___ DATA IN THIS EXERCISE

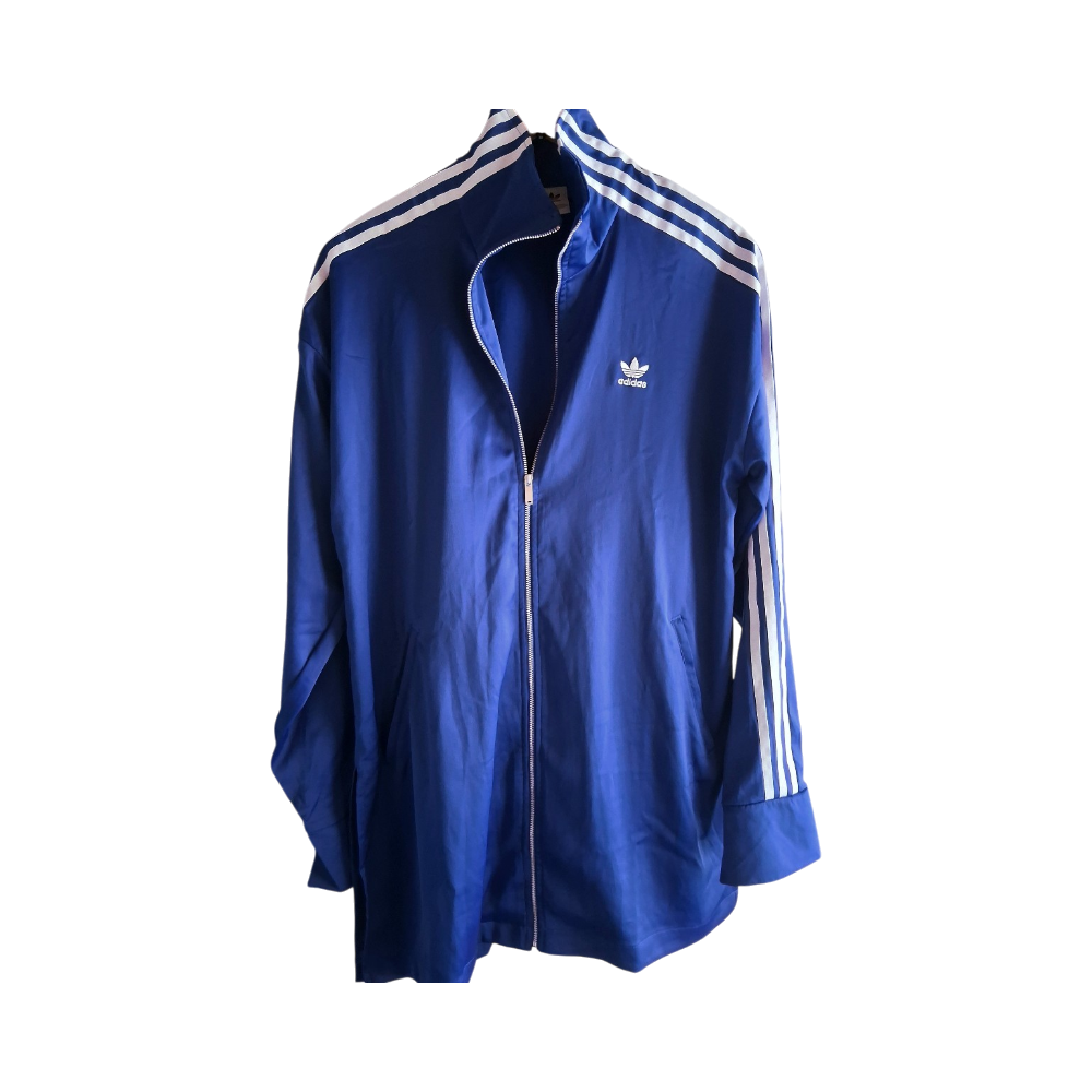 Sininen kevyt adidas-treenitakki, valkoiset raidat hihoissa.
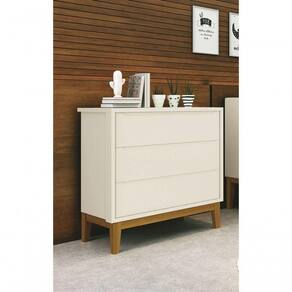 A Cômoda Gaveteiro Classic New - MóveisAqui, com um ar retrô o modelo de seus pés em madeira maciça, um desing clean que combina com vários estilos de decoração. É ótima para a organização das roupinhas e itens do seu bebê, possibilita um amplo espaço para armazenamento com suas três gavetas, de maneira que a organização do dia-a-dia possa ser mais fácil. Possui puxadores embutidos, onde as aberturas ocorrem através de recortes no MDF que possibilitam o perfeito encaixe da mão para que possa abrir as portas e gavetas.
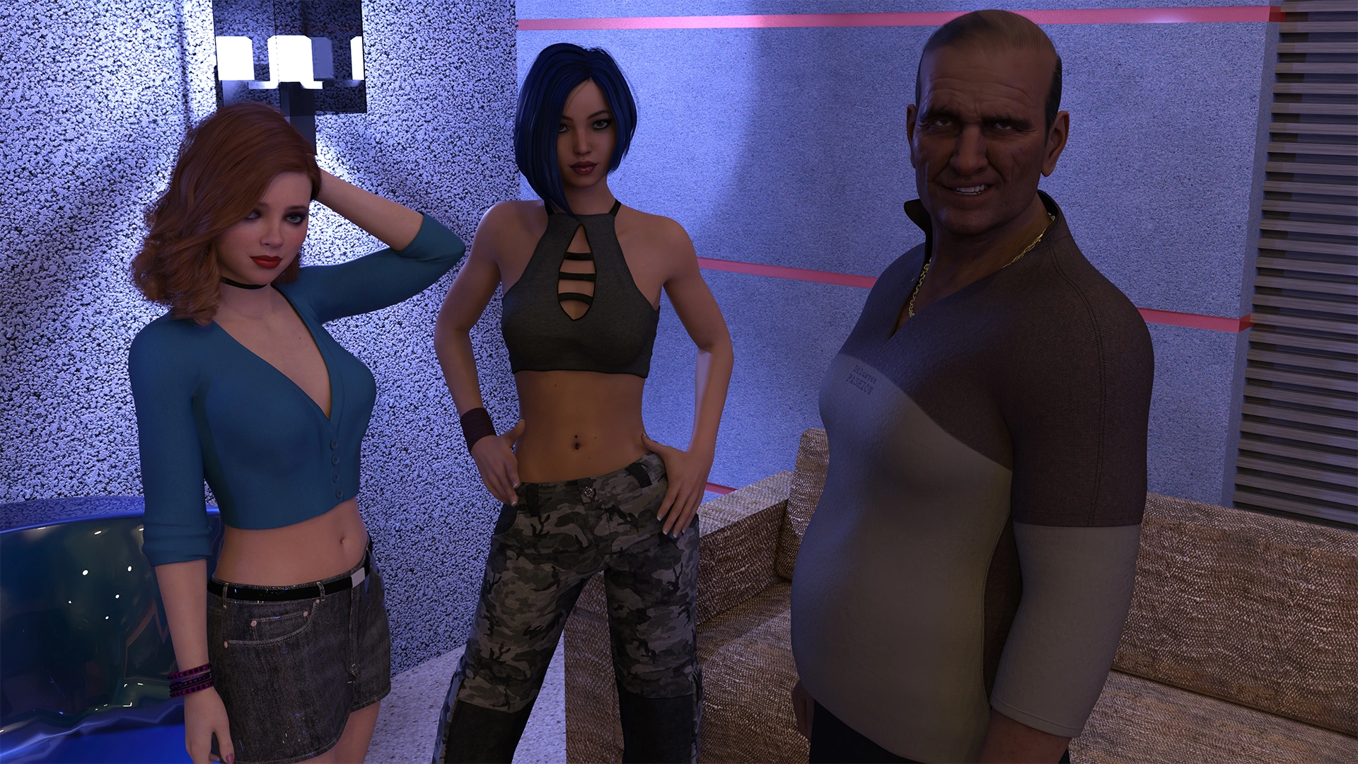 The Higher Society Illustrated This is the story of how Angelina and her stepfather became members of The Higher Society. You play the role of the stepfather. As a respected actor in Hollywood, you get the opportunity to join THS. This is a secret society made up of some of L.A.”s most powerful people. It is also a society that is based on traditional gender role patterns and a strict hierarchy. A society full of money, power and beautiful women may seem alluring, but can you combine this life with being a husband and father? Your relationship with your daughter is put to the test when she shows interest in both THS and you… The strongest point of this game is the concept/story, sure more interesting than most other games, though it doesn’t quite live up to it’s full potential. Girls are cute, if a bit boring.
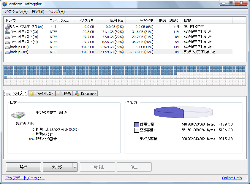![]() Defraggler - File and Disk Defragmentation - Free Download http://www.piriform.com/defraggler 断片化ファイル一覧を閲覧し断片化しているファイルのみデフラグをかけることや、Windowsのデフラグツールと置き換えることが可能で使い勝手がいいです。見た目で断片化している状態が分かり、データも表示され初心者でも分かり易いです。 ![]() ![]() 簡単起動 OSのデフラグツールと置き換えていれば ドライブを右クリックし[ツール]→[最適化]→[最適化する]で起動できます。 ![]() タイムスケジュールを外す 「Defraggle」の場合 [スケジュール]→[選択されたボリュームのデフラグをスケジュール]のチェックを外しておきましょう。デフラグはSSDをクラッシュさせ、頻繁なデフラグはHDDの寿命を縮めます。 ![]() |
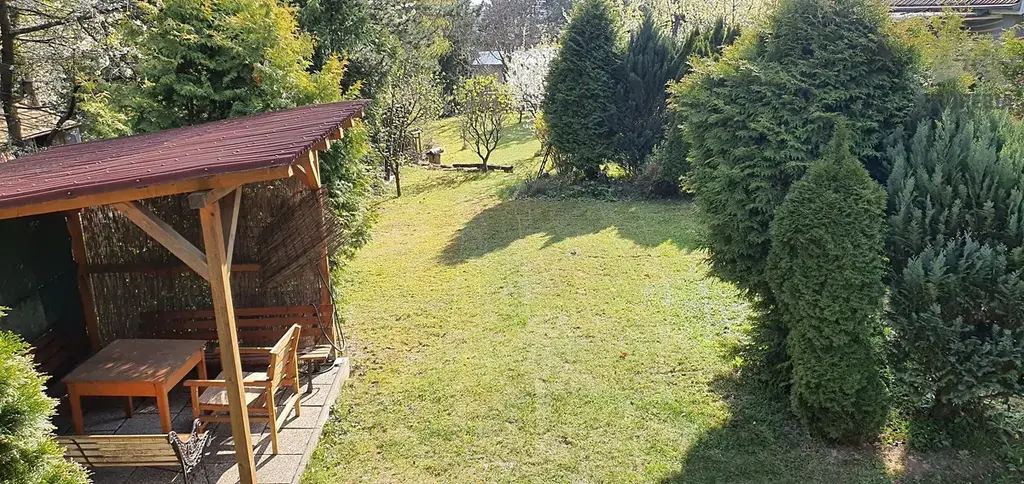 Nemovitost o UP 98 m² (ZP 49 m²) se nachází na slunném pozemku 804 m² (šíře cca 11 m) s udržovaným trávníkem, ořešákem a ovocnými stromy, obklopeném vzrostlou zelení, která zajišťuje příjemné soukromí.
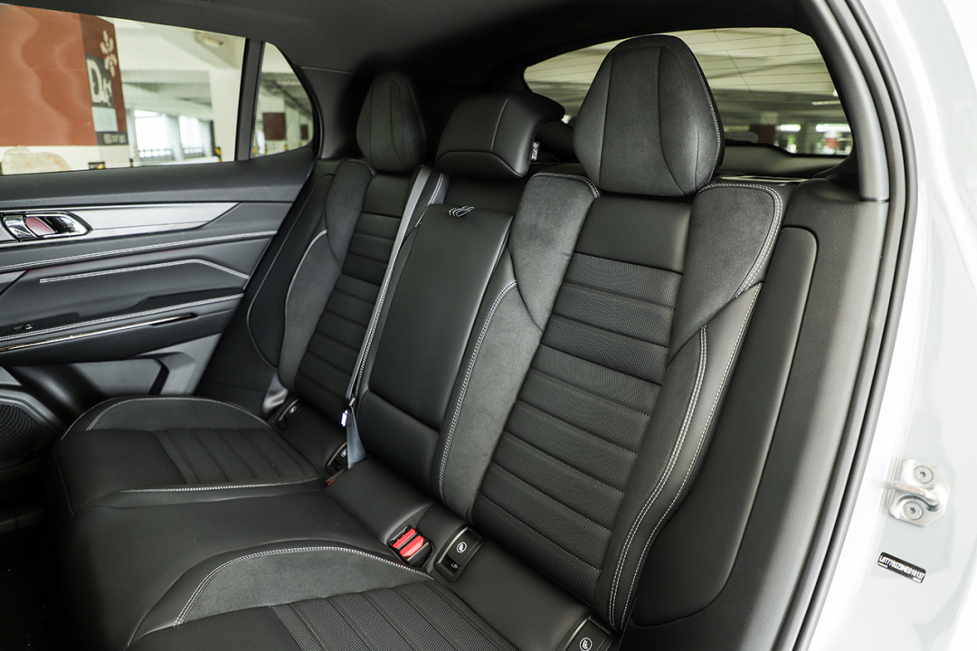 值得一说的是,后排座椅在配色上与前排座椅存在差异,高级感我认为不如前排座椅,但实际乘坐体验没有明显差距,座椅内部的填充物相对扎实,腿部/头部空间都有一定的富裕,乘坐舒适性得到了保证。
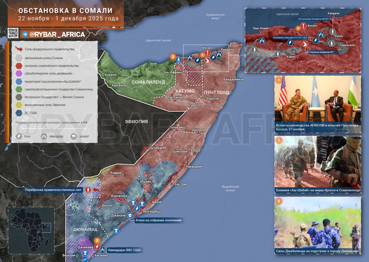 На северных территориях силы Пунтленда с опорой на американские авиаудары методично выдавливают боевиков «Исламского государства». К югу от горных районов Каль-Мадоу и Каль-Мискаад также присутствуют и сторонники группировки «Аш-Шабаб», но их активность пока минимальна.
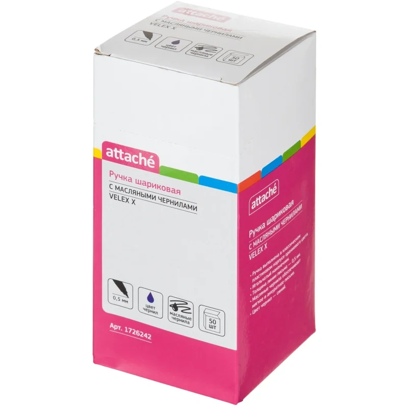 Ручка шариковая неавтомат. Attache Velex X 0,5мм син,масл,оранж.кор Ручка шариковая Attache Velex X, синего цвета. Модель представлена в классическом пластиковом корпусе оранжевого цвета. Комплектуется стержнем с игольчатым наконечником. Длина стержня 139 мм. Диаметр пишущего узла 0,7 мм позволяет наносить тонкие линии толщиной 0,5 мм. Заправлена масляными чернилами синего цвета, которые обеспечивают мягкое и аккуратное письмо.

______

◆ **WHAT YOU WILL DO**
What is needed is an exact copy of the entries, without any images.

◆ **ANSWER BOX**
 Sininen kevyt adidas-treenitakki, valkoiset raidat hihoissa.
 A Cômoda Gaveteiro Classic New - MóveisAqui, com um ar retrô o modelo de seus pés em madeira maciça, um desing clean que combina com vários estilos de decoração. É ótima para a organização das roupinhas e itens do seu bebê, possibilita um amplo espaço para armazenamento com suas três gavetas, de maneira que a organização do dia-a-dia possa ser mais fácil. Possui puxadores embutidos, onde as aberturas ocorrem através de recortes no MDF que possibilitam o perfeito encaixe da mão para que possa abrir as portas e gavetas.
 The Higher Society Illustrated This is the story of how Angelina and her stepfather became members of The Higher Society. You play the role of the stepfather. As a respected actor in Hollywood, you get the opportunity to join THS. This is a secret society made up of some of L.A.”s most powerful people. It is also a society that is based on traditional gender role patterns and a strict hierarchy. A society full of money, power and beautiful women may seem alluring, but can you combine this life with being a husband and father? Your relationship with your daughter is put to the test when she shows interest in both THS and you… The strongest point of this game is the concept/story, sure more interesting than most other games, though it doesn’t quite live up to it’s full potential. Girls are cute, if a bit boring.
![]() Defraggler - File and Disk Defragmentation - Free Download http://www.piriform.com/defraggler 断片化ファイル一覧を閲覧し断片化しているファイルのみデフラグをかけることや、Windowsのデフラグツールと置き換えることが可能で使い勝手がいいです。見た目で断片化している状態が分かり、データも表示され初心者でも分かり易いです。 ![]() ![]() 簡単起動 OSのデフラグツールと置き換えていれば ドライブを右クリックし[ツール]→[最適化]→[最適化する]で起動できます。 ![]() タイムスケジュールを外す 「Defraggle」の場合 [スケジュール]→[選択されたボリュームのデフラグをスケジュール]のチェックを外しておきましょう。デフラグはSSDをクラッシュさせ、頻繁なデフラグはHDDの寿命を縮めます。 ![]() |
 Nemovitost o UP 98 m² (ZP 49 m²) se nachází na slunném pozemku 804 m² (šíře cca 11 m) s udržovaným trávníkem, ořešákem a ovocnými stromy, obklopeném vzrostlou zelení, která zajišťuje příjemné soukromí.
 值得一说的是,后排座椅在配色上与前排座椅存在差异,高级感我认为不如前排座椅,但实际乘坐体验没有明显差距,座椅内部的填充物相对扎实,腿部/头部空间都有一定的富裕,乘坐舒适性得到了保证。
 На северных территориях силы Пунтленда с опорой на американские авиаудары методично выдавливают боевиков «Исламского государства». К югу от горных районов Каль-Мадоу и Каль-Мискаад также присутствуют и сторонники группировки «Аш-Шабаб», но их активность пока минимальна.
 Ручка шариковая неавтомат. Attache Velex X 0,5мм син,масл,оранж.кор Ручка шариковая Attache Velex X, синего цвета. Модель представлена в классическом пластиковом корпусе оранжевого цвета. Комплектуется стержнем с игольчатым наконечником. Длина стержня 139 мм. Диаметр пишущего узла 0,7 мм позволяет наносить тонкие линии толщиной 0,5 мм. Заправлена масляными чернилами синего цвета, которые обеспечивают мягкое и аккуратное письмо.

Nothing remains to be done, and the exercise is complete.